Comment le foot français a fini par se mobiliser pour le journaliste Christophe Gleizes
Les parents du journaliste sportif Christophe Gleizes, détenu depuis bientôt un an en Algérie, avaient appelé le monde du football à oeuvrer à sa libération: ils donneront vendredi le coup d'envoi symbolique de la finale de la Coupe de France, une rareté dans un univers peu enclin à prendre position.
La finale de la compétition organisée par la Fédération française de football (FFF), opposant le RC Lens à l'OGC Nice au Stade de France, se jouera "aux couleurs" de Christophe Gleizes, ont annoncé jeudi l'instance et l'organisation Reporters sans frontières.
"C'est un grand honneur", a déclaré vendredi à l'AFP la mère du reporter, Sylvie Godard. Il "se sentira encore plus fort lorsqu'il apprendra que la France du football et ses supporters lui ont dédié ce grand moment".
Le journaliste de 37 ans a été arrêté en mai 2024 en Algérie dans le cadre d'un reportage en Kabylie. Condamné à sept ans de prison pour "apologie du terrorisme", sa peine a été confirmée en appel en décembre.
Sa famille demande désormais une grâce du président algérien Abdelmadjid Tebboune.
RSF, qui chapeaute son comité de soutien, a salué "l'engagement sans faille" de la FFF en faveur du journaliste.
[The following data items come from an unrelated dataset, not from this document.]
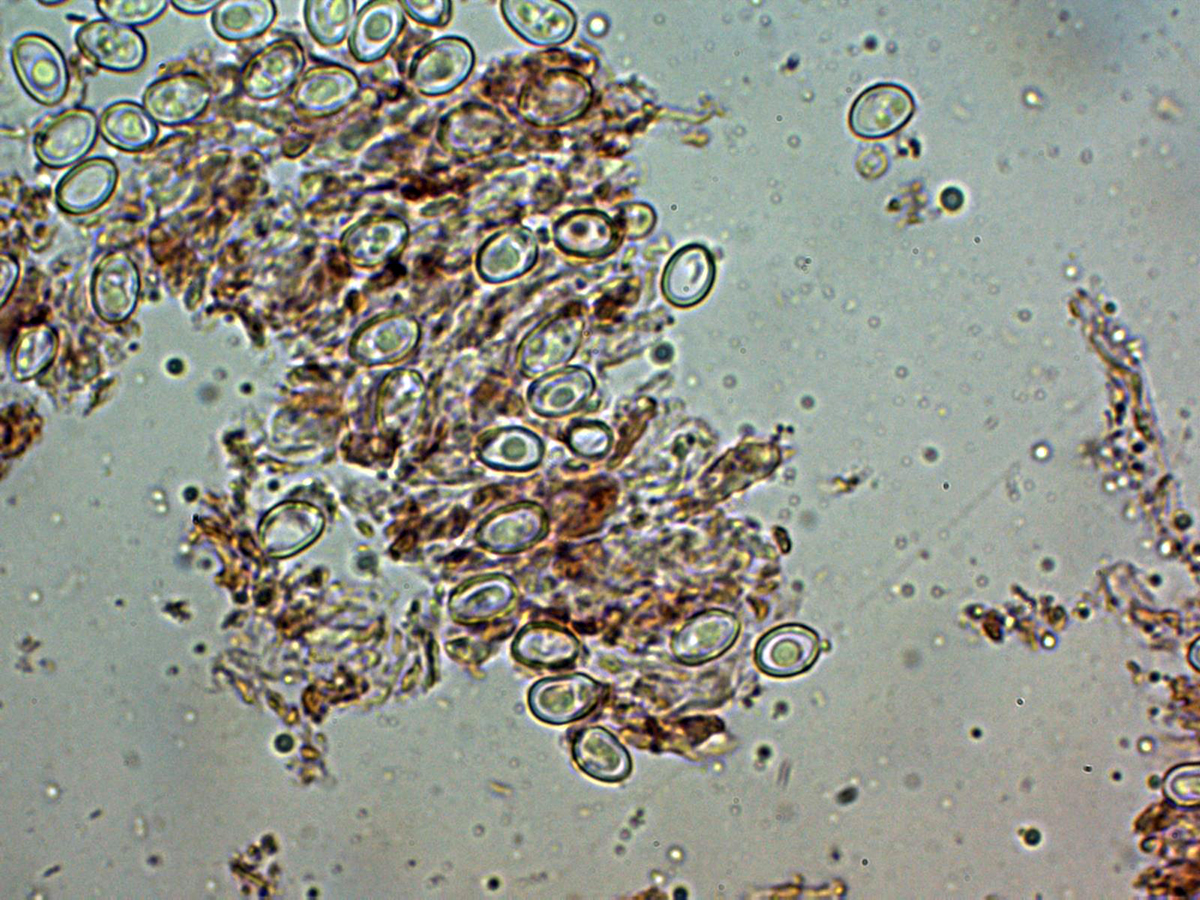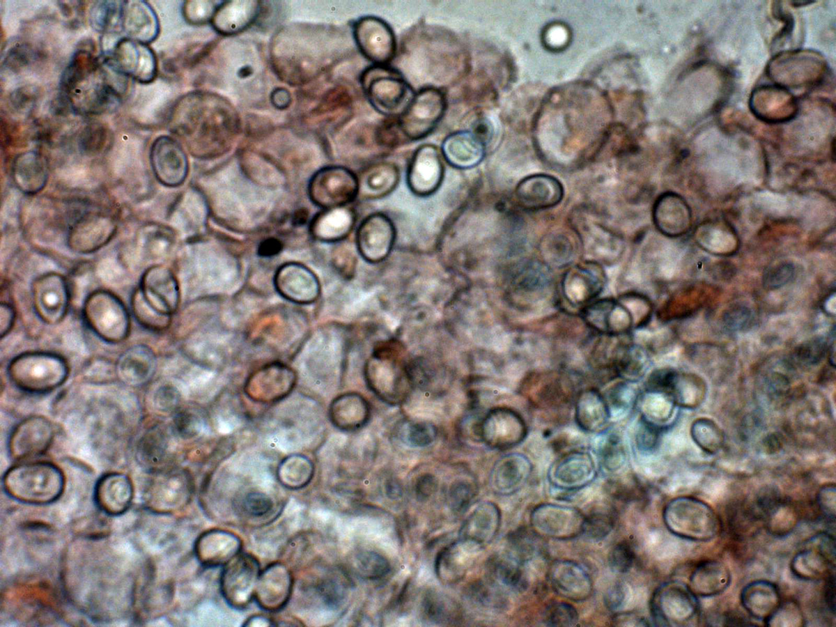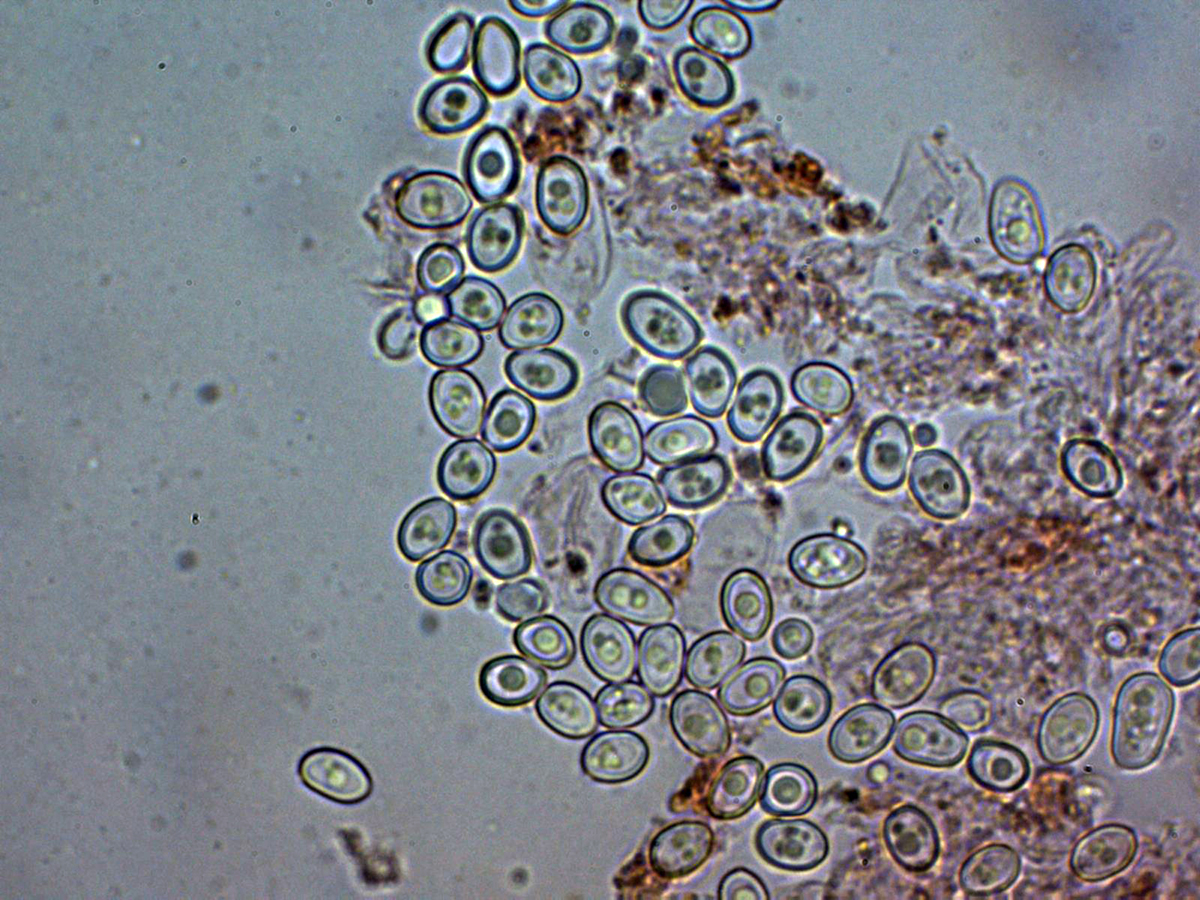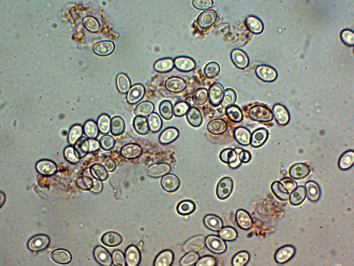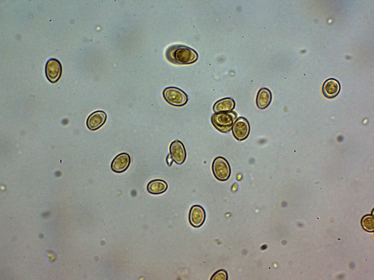 Las esporas entre ovoides y eslipsoidales cortas, de pared gruesa y con una o más gotas lípidas en su interior.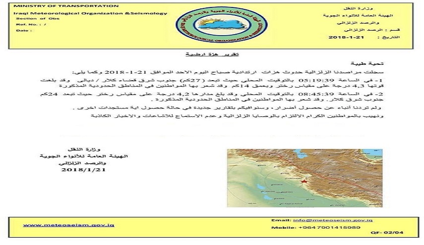 واوضح ان "الهزة الاولى التي كانت في الساعة 5.19 صباحا قد بلغت قوتها 4.3 على مقياس رختر وتبعد 27 كم جنوب شرق قضاء كلار – ديالى، فيما حدثت الثانية في الساعة 8.45 صباحا وبقوة تبلغ 4.2 درجة على مقياس رختر وتبعد 24 كم جنوب شرق كلار".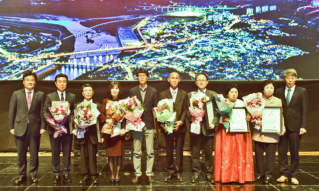 ▲지난 1일 강원 영월군 스포츠파크 실내체육관에서 열린 제37회 영월군민의 날 기념식에서 최명서 영월군수와 군민대상 수상자와 가족들에 대한 시상식을 마치고 기념촬영 하고 있다. 이날 ‘모범군민상’ 수상자는 김대현(소득증대) 영월농협가공사업소장과 이정복(사회봉사)씨 등 6명이다. ⓒ영월군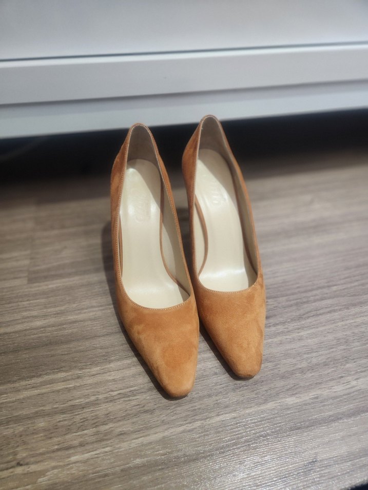 Bej süet malzemeden yapılmış, sivri burunlu minimal ve şık bir ofis stiletto topuklu ayakkabı. Modern tarzda, zahmetsiz şıklık sunar.

Finaliste, Nice a été le premier club professionnel à se mobiliser publiquement pour le journaliste qui écrit notamment pour le magazine So Foot, en relayant dès juillet 2025 une pétition. Une volonté de défendre "la liberté de la presse et le respect des droits fondamentaux de l'être humain", explique à l'AFP Virginie Rossetti, directrice de la communication.
Lens aussi a voulu "mettre au centre du terrain un emprisonnement qu'on ne peut tolérer", avait déclaré son directeur général Benjamin Parrot, mi-avril sur la chaîne Ligue 1+, avant un match amical dédié au journaliste dont une partie des recettes a été versée à RSF.
- Risques -
Prendre position peut être périlleux pour un club ou un acteur du football, souligne auprès de l'AFP Jean-Baptiste Guégan, spécialiste en géopolitique du sport.
Il peut leur être reproché de sortir du principe de "neutralité du sport". Ils doivent aussi composer avec la diversité des points de vue des supporters ou partenaires, et le risque de "s'aliéner" des acteurs ayant des liens avec l'Algérie.
Mais ici, le mot d'ordre est consensuel: appeler à la libération du journaliste, sans verser dans "la contestation ou la critique" de l'Algérie, estime le spécialiste.
A ses yeux, une telle "unanimité" des clubs pour une mobilisation est une "première".
Certains soutiens auraient toutefois souhaité une plus forte mobilisation du PSG, club français emblématique dont Christophe Gleizes est supporter.
La mère du reporter avait écrit mi-décembre à Nasser al-Khelaïfi, président du club parisien, détenu par le Qatar, pour demander au club "mondialement connu et respecté" un message de soutien.
Les parents du journaliste ont été reçus par la direction du club au Parc des princes, lors d'un match auquel ils ont été invités, indique le club à l'AFP, rappelant que le PSG s'est associé à l'appel de la Ligue de football professionnel pour relayer sur X et dans le stade des messages en faveur de la libération du journaliste.
- "Visibilité" -
Si des entraîneurs ou d'anciens joueurs se sont exprimés en faveur du journaliste, aucun joueur ou joueuse star en activité n'a individuellement pris position.
Ce type d'engagement les place toujours dans une "situation complexe", explique Carole Gomez, chercheuse associée en géopolitique du sport à l'Institut de relations internationales et stratégiques (IRIS) et assistante diplômée à l'Institut des sciences du sport de l'Université de Lausanne.
Ils peuvent notamment vouloir se protéger des "conséquences, menaces ou sanctions dont ils pourraient faire l'objet" en cas de position tranchée.
Le Français Kévin Lamour, numéro 3 de la Fédération internationale du football (Fifa), fait aussi partie d'acteurs du monde de foot impliqués dans le dossier, ont confié à l'AFP de sources au fait des négociations, sans détailler pour ne pas compromettre les discussions.
L'impact de cette mobilisation du football, en parallèle des plus classiques et très discrètes tractations diplomatiques, demeure difficile à évaluer. Le ministre français de la Justice Gérald Darmanin avait précisé le 18 mai avoir évoqué le cas du journaliste lors de sa visite à Alger.
Pour Thibaut Bruttin, directeur général de RSF, le football joue en tout cas un "rôle fondamental dans la mobilisation citoyenne et la visibilité du cas de Christophe", appelant à sa libération avant la Coupe du monde de football, à laquelle participeront la France comme l'Algérie.